## Material provided
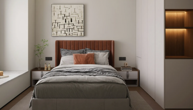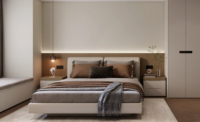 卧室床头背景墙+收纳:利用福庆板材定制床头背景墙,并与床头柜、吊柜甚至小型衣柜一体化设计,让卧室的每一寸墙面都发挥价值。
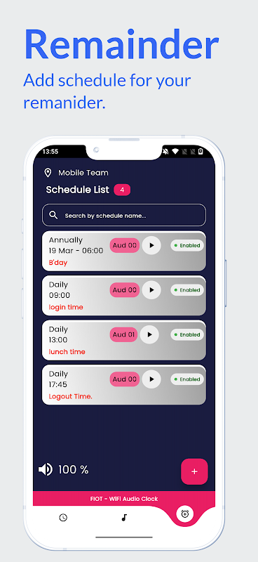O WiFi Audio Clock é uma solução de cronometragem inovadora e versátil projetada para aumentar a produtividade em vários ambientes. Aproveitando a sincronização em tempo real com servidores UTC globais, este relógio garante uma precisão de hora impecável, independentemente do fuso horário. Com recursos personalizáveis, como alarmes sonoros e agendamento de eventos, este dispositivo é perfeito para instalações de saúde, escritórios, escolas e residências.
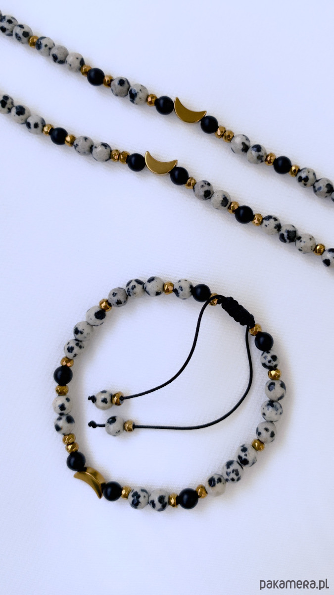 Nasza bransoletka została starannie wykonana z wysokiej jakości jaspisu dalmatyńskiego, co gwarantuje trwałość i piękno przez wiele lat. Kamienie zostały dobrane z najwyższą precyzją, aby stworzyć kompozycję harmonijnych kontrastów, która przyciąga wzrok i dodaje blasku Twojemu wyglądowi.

* * *

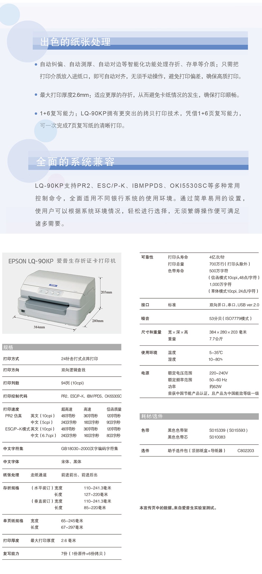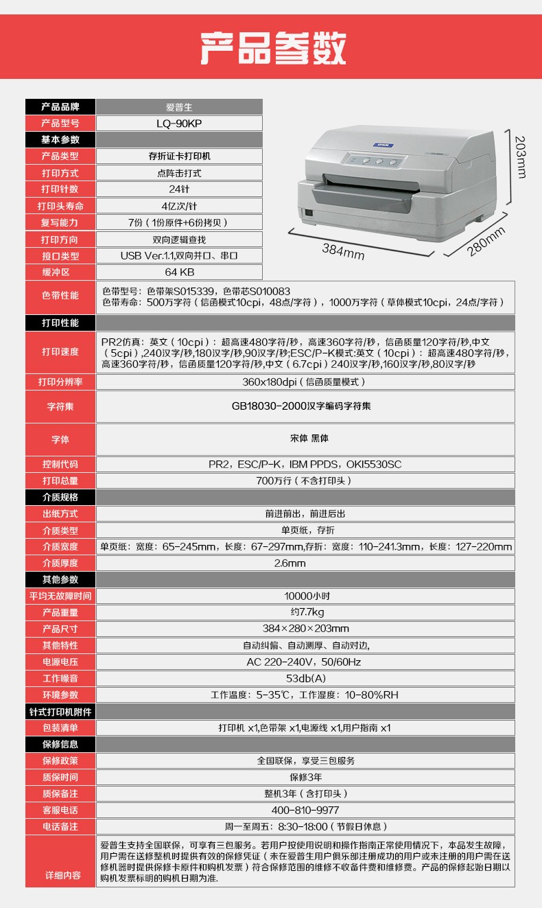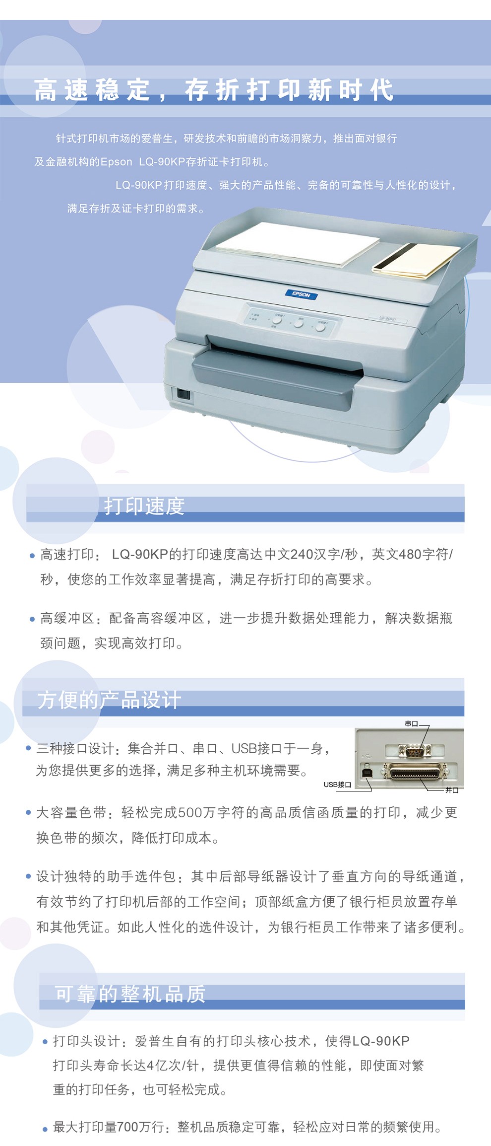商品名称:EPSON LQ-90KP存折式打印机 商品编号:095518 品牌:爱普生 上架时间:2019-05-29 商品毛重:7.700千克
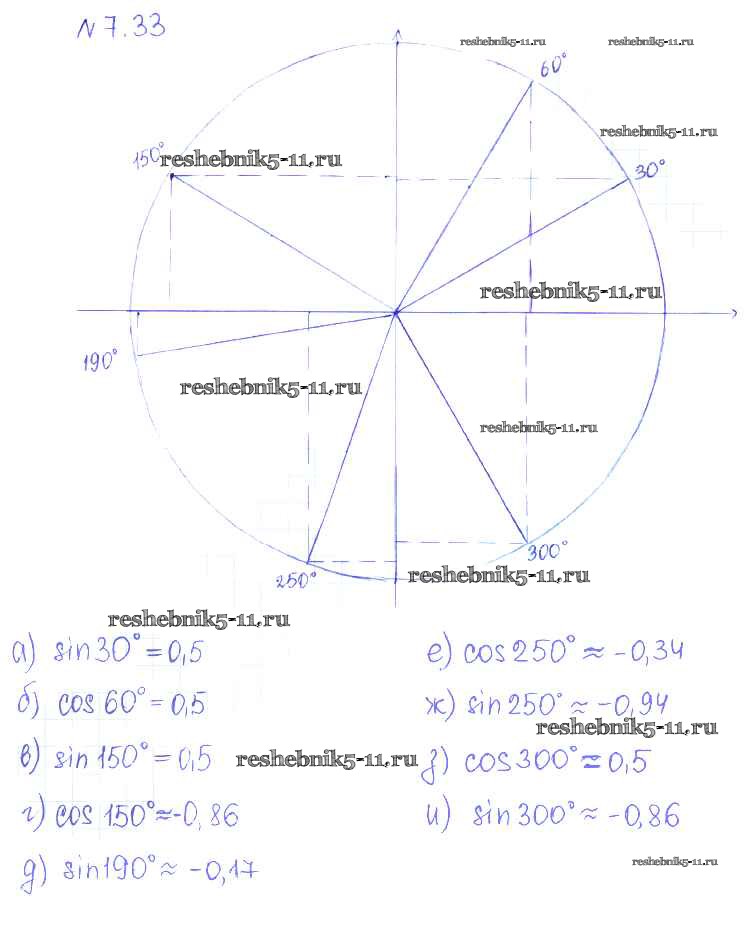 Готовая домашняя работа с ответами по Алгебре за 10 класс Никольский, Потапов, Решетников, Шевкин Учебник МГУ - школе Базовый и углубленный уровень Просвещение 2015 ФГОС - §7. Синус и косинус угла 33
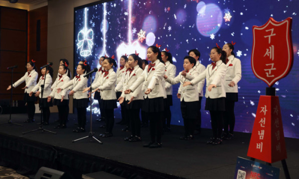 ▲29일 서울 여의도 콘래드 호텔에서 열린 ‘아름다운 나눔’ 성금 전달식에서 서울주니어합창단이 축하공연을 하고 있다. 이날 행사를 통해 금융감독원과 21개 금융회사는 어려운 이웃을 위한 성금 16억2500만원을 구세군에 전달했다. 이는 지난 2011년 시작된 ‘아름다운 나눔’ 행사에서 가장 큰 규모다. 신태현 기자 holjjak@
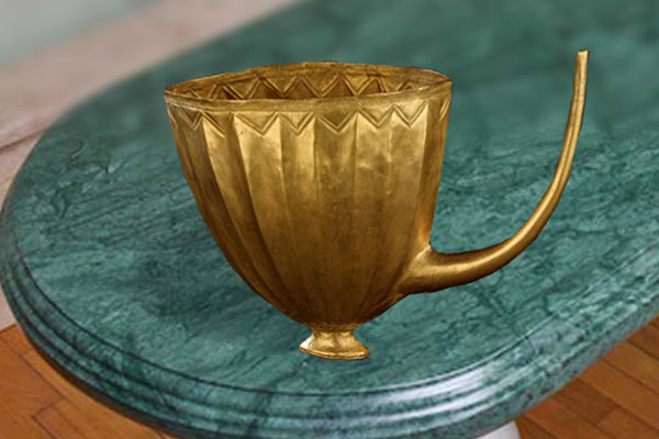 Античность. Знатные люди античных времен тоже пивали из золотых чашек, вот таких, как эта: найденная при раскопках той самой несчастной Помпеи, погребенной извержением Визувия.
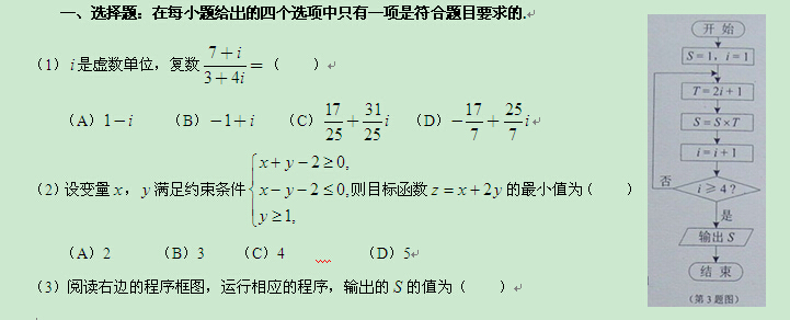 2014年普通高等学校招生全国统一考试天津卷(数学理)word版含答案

## Assigned task
Output should consist of the lines above from the one with "卧室床头背景墙+收纳:利用福" down to the one with "O WiFi Audio", exact and without pictures.

## Solution below
 卧室床头背景墙+收纳:利用福庆板材定制床头背景墙,并与床头柜、吊柜甚至小型衣柜一体化设计,让卧室的每一寸墙面都发挥价值。
O WiFi Audio Clock é uma solução de cronometragem inovadora e versátil projetada para aumentar a produtividade em vários ambientes. Aproveitando a sincronização em tempo real com servidores UTC globais, este relógio garante uma precisão de hora impecável, independentemente do fuso horário. Com recursos personalizáveis, como alarmes sonoros e agendamento de eventos, este dispositivo é perfeito para instalações de saúde, escritórios, escolas e residências.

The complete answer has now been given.